Cookies can also be used to continue a session from the point where a user might have left. Basically once a request is completed with some response the connection will be terminated.
Instead, we can retrieve the cookies from the response and use them in the next request.
This makes the user experience to be much better while making Request/Response on a server. We can view the cookies using response.cookies
method.
import requests
response = requests.get('https://chercher.tech/python-programming/introduction-to-python')
print(response.cookies)
# Output
<RequestsCookieJar[<Cookie active_template::243221=pub_site.1643878303 for .chercher.tech/>,
<Cookie ezoab_243221=mod1 for .chercher.tech/>, <Cookie ezoadgid_243221=-1 for .chercher.tech/>,
- - - -
We can also retrieve the cookies in a dictionary format by creating a session object and apply get_dict() method.
import requests
request = requests.Session()
response = request.get('https://chercher.tech/python-programming/introduction-to-python')
print(request.cookies.get_dict())
# Output
{'active_template::243221': 'pub_site.1643878303', 'ezoab_243221': 'mod1',
'ezoadgid_243221': '-1', 'ezopvc_243221': '1', 'ezoref_243221': '',
'ezosuibasgeneris-1': '43a05457-4ade-4bc8-41a2-1eeb9df21457',
- - - -
HTTP Sessions
HTTP Sessions help us to persist information among multiple requests.
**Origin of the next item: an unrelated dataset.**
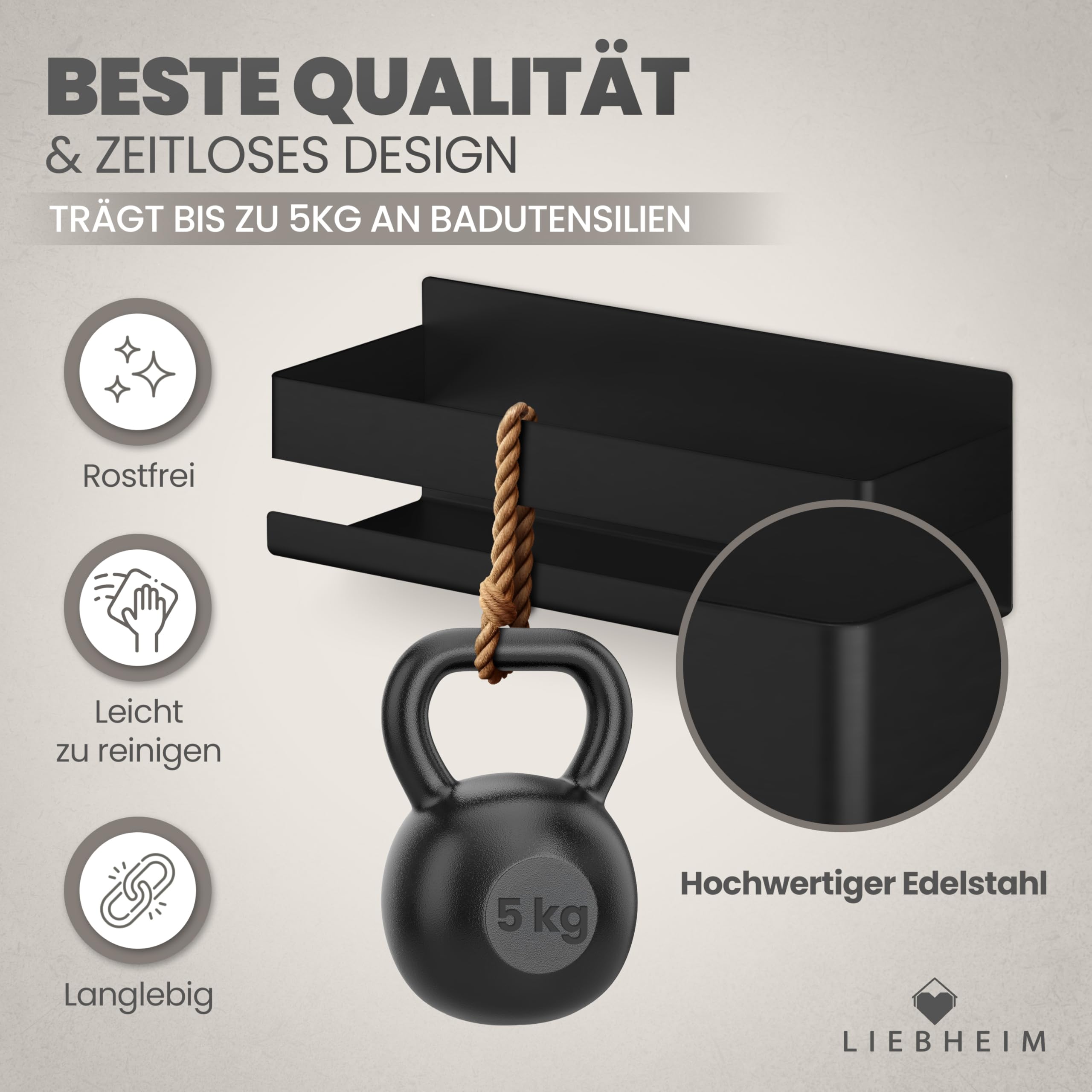 • ✔️ ???????????????????????????????????????? ????????????????????????: Die Duschablage schwarz fügt sich nahtlos in jede Badezimmereinrichtung ein. Sie sorgt für eine moderne und elegante Atmosphäre. Perfekt für die Aufbewahrung von Duschgel und Shampoo.

Using Sessions we can send data of an individual user to the server which could be tracked by a Session_ID.
The data of the user is stored on the server and this data could be retrieved by sending the session_id in a cookie.
To perform multiple requests in a single session we need to create a sessions object. To create sessions object we can use requests.Session()
import requests
s = requests.Session()
The session object has all the in-built methods similar to the requests library. Using the session object created in the previous step we can perform requests on the server and pass data.
import requests
import json
s = requests.Session()
data = {
'name' : 'chercher',
'description' : 'Session example',
}
s.get('https://httpbin.org/cookies/set', params = data)
response = s.get('https://httpbin.org/cookies')
print(response.text)
From the below output, we can view the data sent to the server. This data could be accessed as long as the session is live. Thus sessions could help load and process the requests fastly.
# Output
{
"cookies": {
"description": "Session example",
"name": "chercher"
}
}
Requests Timeouts
Timeouts can abort a request if the server takes more time than a certain limit to return a response. When a server takes more time or is not responding, in such a scenario time gets wasted.
To avoid this we can set a timeout
parameter such that if a request takes more than the time specified in the timeout parameter, it will abort the request and give control back to the user.
In the below example, we are trying to perform a request on a URL along with a timeout. We can pass the amount of time it needs to get delayed.
URL:- https://httpbin.org/delay/n
[ n is the timeout ]
import requests
try:
response = s.get('https://httpbin.org/delay/5', timeout = 2)
except requests.exceptions.RequestException as exception:
print(exception)
Output:-
Since the request is taking more time than the timeout that we have specified it will abort the request. This could be really helpful when you are testing the response time of the server.
Errors and Exceptions
While performing requests on a URL we might encounter a few errors. But the most commonly occurred errors are ConnectionError and HTTPError.
ConnectionErrors are caused due to invalid URLs from the client-side, whereas HTTPErrors are occurred due to no response or the URL might be broken.
When an error occurs, the execution of the next part of the program that was dependent on the request might get affected. To avoid such scenario’s we need to handle these errors. One of the ways is to use raise_for_status()
. It will raise an HTTP Error object if an HTTP error has occurred.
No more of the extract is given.